AIM OF THE TASK: From the records below, copy out exactly the lines from the one containing "Đầm dài dáng" to the one containing "美国东部时间21日6时21分", both included. Add nothing else.
• • • •
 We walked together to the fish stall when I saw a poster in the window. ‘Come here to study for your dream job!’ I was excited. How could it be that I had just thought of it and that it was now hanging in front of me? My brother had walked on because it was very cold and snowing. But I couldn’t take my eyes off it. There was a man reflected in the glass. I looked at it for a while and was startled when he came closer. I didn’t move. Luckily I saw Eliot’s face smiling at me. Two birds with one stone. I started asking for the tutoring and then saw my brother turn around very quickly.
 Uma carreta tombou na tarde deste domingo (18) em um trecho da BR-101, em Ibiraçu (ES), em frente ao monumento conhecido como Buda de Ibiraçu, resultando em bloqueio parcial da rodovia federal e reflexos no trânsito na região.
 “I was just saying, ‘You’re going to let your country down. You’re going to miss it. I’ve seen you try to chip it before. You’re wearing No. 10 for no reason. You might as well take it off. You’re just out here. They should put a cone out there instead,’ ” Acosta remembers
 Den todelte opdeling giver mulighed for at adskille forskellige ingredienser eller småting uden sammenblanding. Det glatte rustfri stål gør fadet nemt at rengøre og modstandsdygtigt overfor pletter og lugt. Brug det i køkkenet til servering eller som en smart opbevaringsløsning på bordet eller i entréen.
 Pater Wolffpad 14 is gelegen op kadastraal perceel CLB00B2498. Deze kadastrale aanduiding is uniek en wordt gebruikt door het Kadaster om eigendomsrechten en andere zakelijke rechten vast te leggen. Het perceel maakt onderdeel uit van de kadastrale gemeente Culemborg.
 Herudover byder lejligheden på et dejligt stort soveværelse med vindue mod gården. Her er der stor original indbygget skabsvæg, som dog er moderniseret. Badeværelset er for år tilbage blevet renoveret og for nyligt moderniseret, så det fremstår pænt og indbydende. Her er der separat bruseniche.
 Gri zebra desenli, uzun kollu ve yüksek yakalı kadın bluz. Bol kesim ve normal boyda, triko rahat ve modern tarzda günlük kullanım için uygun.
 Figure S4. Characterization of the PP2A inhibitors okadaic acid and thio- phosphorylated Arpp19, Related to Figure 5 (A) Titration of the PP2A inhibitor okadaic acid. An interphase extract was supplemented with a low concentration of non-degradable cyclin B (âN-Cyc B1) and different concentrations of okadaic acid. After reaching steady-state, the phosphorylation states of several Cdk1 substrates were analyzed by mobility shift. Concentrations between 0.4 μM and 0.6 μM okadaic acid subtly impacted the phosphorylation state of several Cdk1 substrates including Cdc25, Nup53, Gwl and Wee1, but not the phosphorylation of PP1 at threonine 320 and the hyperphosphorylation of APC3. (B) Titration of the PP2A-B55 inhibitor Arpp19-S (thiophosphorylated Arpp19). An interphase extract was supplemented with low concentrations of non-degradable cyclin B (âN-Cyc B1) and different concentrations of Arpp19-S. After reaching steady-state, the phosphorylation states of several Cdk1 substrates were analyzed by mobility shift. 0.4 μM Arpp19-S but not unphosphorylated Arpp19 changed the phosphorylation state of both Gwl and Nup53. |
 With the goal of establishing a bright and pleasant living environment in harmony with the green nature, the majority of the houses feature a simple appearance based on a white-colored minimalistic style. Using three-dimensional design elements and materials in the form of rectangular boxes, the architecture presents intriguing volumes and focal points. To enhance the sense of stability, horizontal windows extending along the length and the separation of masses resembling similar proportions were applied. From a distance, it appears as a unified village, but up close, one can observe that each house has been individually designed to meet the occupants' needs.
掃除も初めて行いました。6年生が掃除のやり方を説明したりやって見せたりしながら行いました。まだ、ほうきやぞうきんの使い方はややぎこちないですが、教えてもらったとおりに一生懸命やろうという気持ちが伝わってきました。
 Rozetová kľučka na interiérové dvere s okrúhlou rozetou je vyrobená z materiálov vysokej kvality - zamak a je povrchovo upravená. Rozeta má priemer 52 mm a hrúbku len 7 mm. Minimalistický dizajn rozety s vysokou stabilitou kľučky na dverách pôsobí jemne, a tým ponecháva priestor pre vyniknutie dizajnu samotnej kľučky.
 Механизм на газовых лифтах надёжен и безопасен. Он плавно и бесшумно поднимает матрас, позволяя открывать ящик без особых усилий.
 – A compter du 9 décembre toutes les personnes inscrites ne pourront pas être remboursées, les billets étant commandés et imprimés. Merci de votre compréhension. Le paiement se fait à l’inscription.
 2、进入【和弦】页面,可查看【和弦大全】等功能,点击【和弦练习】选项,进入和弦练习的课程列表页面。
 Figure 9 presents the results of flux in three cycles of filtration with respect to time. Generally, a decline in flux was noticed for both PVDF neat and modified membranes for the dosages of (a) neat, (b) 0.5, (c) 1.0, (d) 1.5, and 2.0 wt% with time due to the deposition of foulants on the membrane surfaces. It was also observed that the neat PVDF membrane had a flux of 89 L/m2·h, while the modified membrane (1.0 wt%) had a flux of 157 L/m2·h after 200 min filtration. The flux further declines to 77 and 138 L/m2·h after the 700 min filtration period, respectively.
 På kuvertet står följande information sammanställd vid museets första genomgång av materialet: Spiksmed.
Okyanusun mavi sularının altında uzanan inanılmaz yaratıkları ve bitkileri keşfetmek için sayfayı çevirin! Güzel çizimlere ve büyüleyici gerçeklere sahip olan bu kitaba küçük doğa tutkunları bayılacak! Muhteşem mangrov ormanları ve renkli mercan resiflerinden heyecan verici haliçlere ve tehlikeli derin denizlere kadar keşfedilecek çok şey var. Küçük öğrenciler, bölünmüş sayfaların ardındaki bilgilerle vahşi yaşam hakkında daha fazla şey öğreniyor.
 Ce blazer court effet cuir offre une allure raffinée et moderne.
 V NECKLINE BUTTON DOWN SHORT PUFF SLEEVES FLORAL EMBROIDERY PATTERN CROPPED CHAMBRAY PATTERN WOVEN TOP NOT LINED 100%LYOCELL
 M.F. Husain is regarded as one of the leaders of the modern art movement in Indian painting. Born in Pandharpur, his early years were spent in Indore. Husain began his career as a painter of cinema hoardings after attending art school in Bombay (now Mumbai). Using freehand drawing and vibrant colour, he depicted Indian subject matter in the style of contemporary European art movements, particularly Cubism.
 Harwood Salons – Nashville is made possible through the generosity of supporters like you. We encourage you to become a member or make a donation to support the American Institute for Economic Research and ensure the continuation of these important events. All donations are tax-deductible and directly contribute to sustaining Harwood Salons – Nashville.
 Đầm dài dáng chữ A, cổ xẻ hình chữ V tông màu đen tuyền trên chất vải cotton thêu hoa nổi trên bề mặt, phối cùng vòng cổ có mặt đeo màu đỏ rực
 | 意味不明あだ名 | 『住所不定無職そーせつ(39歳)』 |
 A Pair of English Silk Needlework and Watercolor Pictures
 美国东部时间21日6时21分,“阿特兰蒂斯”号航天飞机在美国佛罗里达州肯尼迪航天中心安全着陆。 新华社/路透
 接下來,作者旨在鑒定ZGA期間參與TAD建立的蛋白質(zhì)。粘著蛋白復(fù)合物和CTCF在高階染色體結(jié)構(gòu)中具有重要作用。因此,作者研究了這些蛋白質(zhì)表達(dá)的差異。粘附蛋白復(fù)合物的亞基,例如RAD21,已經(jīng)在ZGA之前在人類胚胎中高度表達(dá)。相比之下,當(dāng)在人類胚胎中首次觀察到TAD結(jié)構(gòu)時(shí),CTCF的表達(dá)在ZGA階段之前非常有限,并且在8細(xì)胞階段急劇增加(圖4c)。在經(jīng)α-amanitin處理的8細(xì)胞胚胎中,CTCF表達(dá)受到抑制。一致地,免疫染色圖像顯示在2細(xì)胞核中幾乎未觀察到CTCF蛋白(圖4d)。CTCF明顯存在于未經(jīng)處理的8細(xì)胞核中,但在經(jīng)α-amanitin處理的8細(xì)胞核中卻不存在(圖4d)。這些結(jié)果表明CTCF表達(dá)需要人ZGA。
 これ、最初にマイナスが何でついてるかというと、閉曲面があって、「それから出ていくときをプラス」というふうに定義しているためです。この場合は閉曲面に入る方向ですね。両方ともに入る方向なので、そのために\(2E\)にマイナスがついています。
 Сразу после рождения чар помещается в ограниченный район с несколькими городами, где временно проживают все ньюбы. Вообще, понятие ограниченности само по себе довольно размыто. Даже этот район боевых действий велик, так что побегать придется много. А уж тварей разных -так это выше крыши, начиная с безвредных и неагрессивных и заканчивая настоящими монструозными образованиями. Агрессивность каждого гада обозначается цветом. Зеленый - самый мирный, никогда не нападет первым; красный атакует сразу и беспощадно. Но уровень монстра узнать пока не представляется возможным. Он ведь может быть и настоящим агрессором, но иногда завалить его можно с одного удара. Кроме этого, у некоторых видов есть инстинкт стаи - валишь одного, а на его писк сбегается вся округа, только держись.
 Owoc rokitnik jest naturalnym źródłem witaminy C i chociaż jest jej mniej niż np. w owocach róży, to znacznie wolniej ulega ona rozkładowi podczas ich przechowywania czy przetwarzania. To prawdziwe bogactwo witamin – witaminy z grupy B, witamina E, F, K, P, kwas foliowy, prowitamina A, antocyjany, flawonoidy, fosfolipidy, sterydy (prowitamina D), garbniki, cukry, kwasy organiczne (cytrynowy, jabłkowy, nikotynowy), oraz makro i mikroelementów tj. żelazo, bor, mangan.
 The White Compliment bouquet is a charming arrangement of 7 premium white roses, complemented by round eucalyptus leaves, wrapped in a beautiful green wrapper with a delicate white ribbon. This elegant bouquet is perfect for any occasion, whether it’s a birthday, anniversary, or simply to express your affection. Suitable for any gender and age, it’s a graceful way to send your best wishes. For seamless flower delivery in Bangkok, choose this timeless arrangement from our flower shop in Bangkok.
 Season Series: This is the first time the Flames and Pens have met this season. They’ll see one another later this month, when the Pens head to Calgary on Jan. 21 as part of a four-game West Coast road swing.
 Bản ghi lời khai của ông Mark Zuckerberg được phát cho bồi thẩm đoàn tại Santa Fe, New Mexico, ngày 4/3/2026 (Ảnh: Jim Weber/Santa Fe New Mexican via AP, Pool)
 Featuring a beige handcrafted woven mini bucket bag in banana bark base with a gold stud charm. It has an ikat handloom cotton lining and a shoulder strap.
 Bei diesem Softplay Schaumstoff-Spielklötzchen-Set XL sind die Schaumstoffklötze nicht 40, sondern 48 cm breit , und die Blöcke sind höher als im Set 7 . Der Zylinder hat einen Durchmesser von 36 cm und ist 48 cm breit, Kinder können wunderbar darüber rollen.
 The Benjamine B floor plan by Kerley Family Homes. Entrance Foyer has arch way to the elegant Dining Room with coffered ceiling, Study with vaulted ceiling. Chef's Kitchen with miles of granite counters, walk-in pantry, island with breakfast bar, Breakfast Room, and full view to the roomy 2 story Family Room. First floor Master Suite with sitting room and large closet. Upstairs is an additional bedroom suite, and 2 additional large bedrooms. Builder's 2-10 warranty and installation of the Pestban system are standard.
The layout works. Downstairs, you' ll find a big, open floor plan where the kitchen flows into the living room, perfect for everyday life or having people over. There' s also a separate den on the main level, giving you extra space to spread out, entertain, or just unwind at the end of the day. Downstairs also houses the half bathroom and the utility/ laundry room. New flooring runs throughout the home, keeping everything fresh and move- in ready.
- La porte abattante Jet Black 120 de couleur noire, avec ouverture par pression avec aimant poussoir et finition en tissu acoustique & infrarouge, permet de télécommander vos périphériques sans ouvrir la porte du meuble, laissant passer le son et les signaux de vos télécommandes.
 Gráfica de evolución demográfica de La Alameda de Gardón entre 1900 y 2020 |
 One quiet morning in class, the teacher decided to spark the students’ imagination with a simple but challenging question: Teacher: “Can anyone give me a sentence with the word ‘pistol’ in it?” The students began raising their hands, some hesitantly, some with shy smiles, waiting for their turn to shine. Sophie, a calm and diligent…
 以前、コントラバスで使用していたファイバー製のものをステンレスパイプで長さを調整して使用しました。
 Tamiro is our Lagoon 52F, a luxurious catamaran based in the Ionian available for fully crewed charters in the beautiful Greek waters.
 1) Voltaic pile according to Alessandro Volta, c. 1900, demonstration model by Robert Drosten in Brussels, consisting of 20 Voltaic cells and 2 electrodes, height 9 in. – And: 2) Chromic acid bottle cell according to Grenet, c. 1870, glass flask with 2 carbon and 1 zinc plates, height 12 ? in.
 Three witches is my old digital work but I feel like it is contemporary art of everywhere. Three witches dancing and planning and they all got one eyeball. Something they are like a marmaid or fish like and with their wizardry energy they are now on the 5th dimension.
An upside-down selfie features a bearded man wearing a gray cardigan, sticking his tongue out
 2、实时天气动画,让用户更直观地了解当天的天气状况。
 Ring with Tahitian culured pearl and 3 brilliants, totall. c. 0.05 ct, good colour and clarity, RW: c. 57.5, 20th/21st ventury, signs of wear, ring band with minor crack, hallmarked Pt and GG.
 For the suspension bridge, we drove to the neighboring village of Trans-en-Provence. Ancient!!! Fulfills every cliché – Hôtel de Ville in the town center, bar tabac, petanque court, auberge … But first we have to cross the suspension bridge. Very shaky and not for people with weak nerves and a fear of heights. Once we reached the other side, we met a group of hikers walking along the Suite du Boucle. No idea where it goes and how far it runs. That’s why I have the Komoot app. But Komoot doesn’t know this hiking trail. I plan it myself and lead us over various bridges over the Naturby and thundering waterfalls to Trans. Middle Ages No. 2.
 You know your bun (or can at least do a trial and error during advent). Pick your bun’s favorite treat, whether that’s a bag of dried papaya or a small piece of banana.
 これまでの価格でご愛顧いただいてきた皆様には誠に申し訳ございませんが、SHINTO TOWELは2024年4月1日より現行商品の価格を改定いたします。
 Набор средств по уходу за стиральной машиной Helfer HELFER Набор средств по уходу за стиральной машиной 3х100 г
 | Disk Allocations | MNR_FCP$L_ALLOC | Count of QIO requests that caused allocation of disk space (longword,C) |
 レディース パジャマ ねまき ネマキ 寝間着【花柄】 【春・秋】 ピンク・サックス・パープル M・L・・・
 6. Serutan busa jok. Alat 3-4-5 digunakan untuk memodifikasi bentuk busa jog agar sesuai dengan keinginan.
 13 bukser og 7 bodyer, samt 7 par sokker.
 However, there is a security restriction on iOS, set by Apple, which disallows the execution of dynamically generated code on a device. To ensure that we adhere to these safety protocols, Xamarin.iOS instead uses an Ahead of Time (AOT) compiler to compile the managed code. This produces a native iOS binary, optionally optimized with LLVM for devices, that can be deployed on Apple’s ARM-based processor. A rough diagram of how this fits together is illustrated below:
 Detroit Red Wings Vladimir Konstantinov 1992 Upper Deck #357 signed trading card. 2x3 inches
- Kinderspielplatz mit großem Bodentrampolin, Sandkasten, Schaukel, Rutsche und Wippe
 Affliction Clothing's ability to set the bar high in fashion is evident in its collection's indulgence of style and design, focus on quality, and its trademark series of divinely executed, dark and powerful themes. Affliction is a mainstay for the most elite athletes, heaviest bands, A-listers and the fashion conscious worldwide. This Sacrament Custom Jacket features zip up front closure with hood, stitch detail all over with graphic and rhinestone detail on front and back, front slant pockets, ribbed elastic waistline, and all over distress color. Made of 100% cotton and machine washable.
• • • •
COMPLETED TASK:
 Đầm dài dáng chữ A, cổ xẻ hình chữ V tông màu đen tuyền trên chất vải cotton thêu hoa nổi trên bề mặt, phối cùng vòng cổ có mặt đeo màu đỏ rực
 | 意味不明あだ名 | 『住所不定無職そーせつ(39歳)』 |
 A Pair of English Silk Needlework and Watercolor Pictures
 美国东部时间21日6时21分,“阿特兰蒂斯”号航天飞机在美国佛罗里达州肯尼迪航天中心安全着陆。 新华社/路透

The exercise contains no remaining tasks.